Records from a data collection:
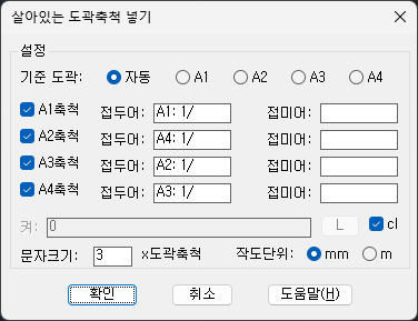 도곽축척이 도곽의 크기에 따라서 자동으로 변화하는 문자를 만드는 명령어입니다.
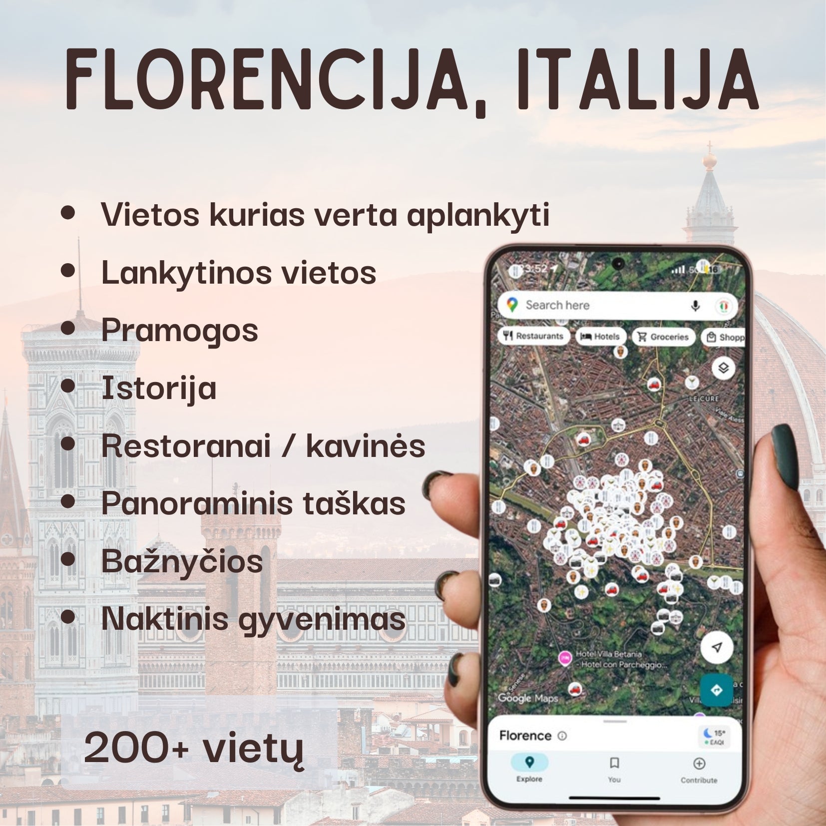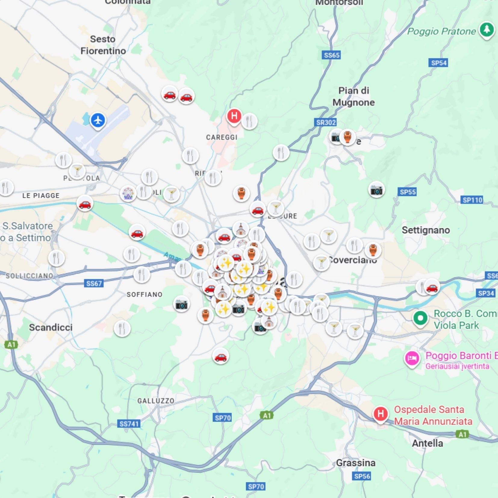 Florencijos lankytinų vietų žemėlapyje – daugiau nei 200 objektų vienoje vietoje. Šis interaktyvus „Google Maps“ gidas sukurtas keliautojams, planuojantiems kelionę į Florenciją ir ieškantiems geriausių vietų Renesanso mieste. Istoriniai paminklai, muziejai, apžvalgos aikštelės, restoranai, kavinės, naktinio gyvenimo vietos ir dar daugiau – viskas viename, lengvai naudojamame žemėlapyje jūsų įrenginyje.
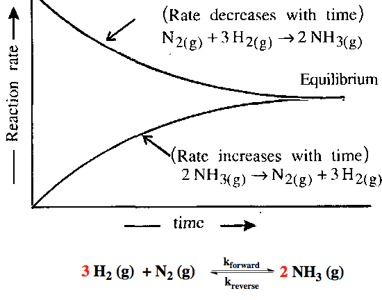 At the same time, the rate of the forward reaction decreases as reactant concentration decreases.
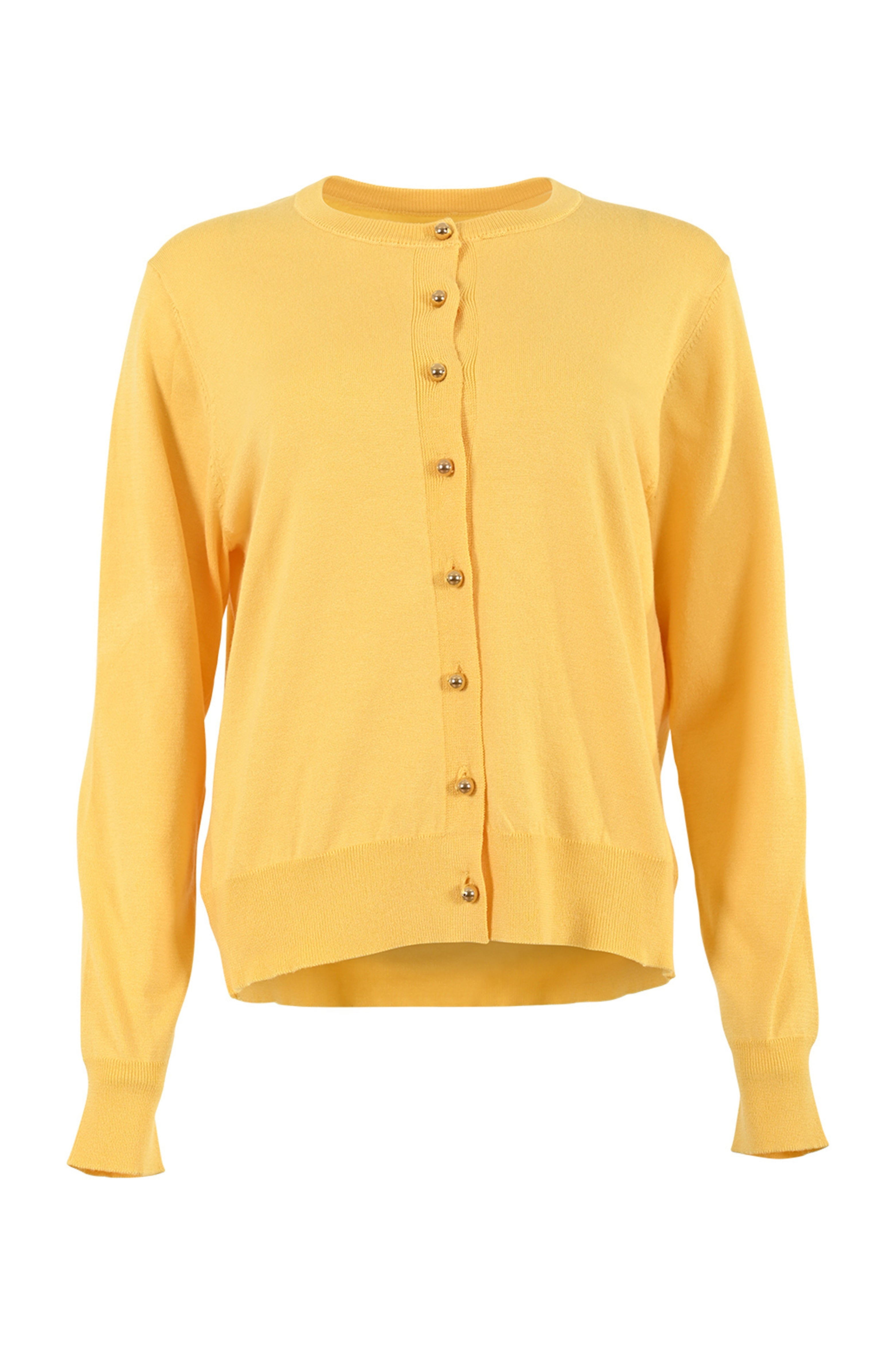 Het Vest Midou Solar Yellow van Maicazz straalt warmte en stijl uit. Dit zachte, gebreide vest heeft een ronde hals, een knoopsluiting met goudkleurige knopen en een licht getailleerde pasvorm. De zonnige gele kleur maakt het perfect voor een frisse, modieuze look!
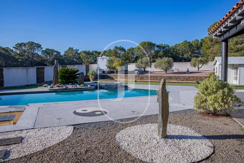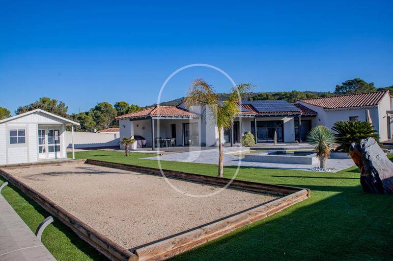 Les extérieurs proposent de vastes terrasses couvertes, un terrain de boule éclairé et un jardin avec arrosage goutte à goutte. La piscine au sel est équipée d'un contrôle automatique du pH et intègre un spa chauffé. Un chalet poolhouse de qualité Grosfillex complète cet espace. Le garage de 39 m², avec porte automatique, dispose d'un rangement en mezzanine et d'une pièce supplémentaire. La maison est raccordée à l'eau de ville, à la fibre et équipée d'une microstation récente.
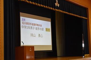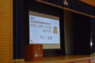 表彰披露を受けた皆さん、おめでとうございます。次の活躍を楽しみにしています。なお、写真にはありませんが、石川県中学校テニス選手権大会男子ダブルスにて、板坂翼さん、中村謙心さんが優勝しています。ご報告します。
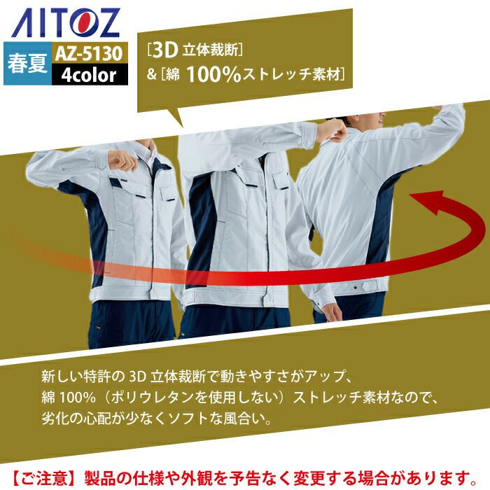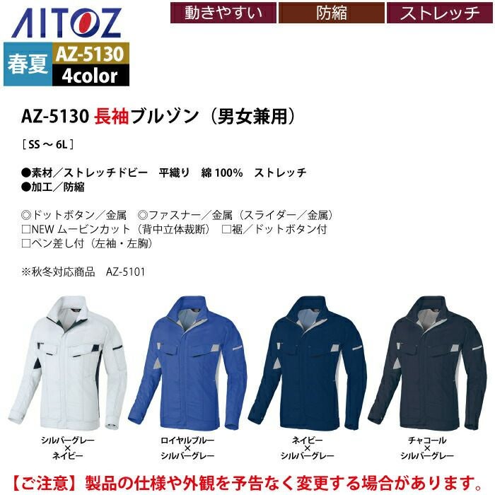 アイトス Aitoz 作業服 作業着 作業ズボン アイトス 作業服 作業着 Aitoz 春夏用 Aitoz AZ-5130 長袖ブルゾン(男女兼用) 6L
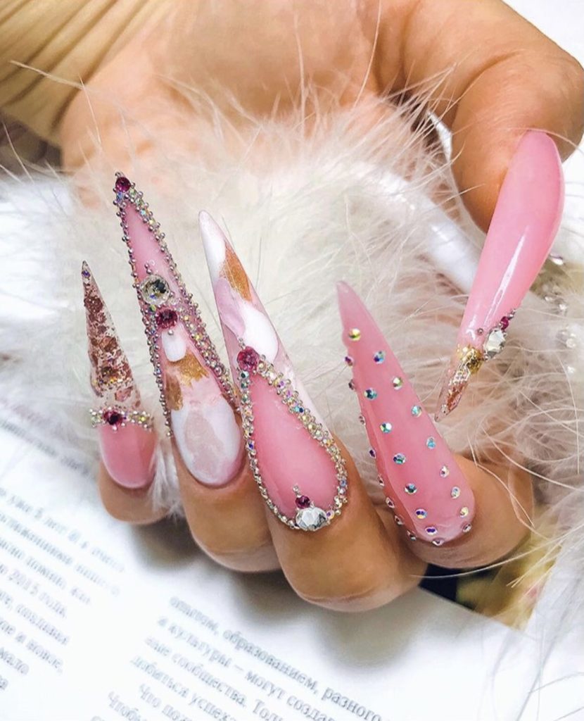 Модницы предпочитают богатый кружевной узор на ногте дополнять стразами и жидкими камнями. Выделяются 2 вариант создания подобного дизайна: c помощью наклеек и при помощи тонкой ткани. Новичкам следует начинать с более простого первого материала.

# Exercise details
Reproduce exactly the lines of the entries above from the first through the line with "Florencijos lankytinų vietų", both included; pictures should not be reproduced.

# Reply
 도곽축척이 도곽의 크기에 따라서 자동으로 변화하는 문자를 만드는 명령어입니다.
 Florencijos lankytinų vietų žemėlapyje – daugiau nei 200 objektų vienoje vietoje. Šis interaktyvus „Google Maps“ gidas sukurtas keliautojams, planuojantiems kelionę į Florenciją ir ieškantiems geriausių vietų Renesanso mieste. Istoriniai paminklai, muziejai, apžvalgos aikštelės, restoranai, kavinės, naktinio gyvenimo vietos ir dar daugiau – viskas viename, lengvai naudojamame žemėlapyje jūsų įrenginyje.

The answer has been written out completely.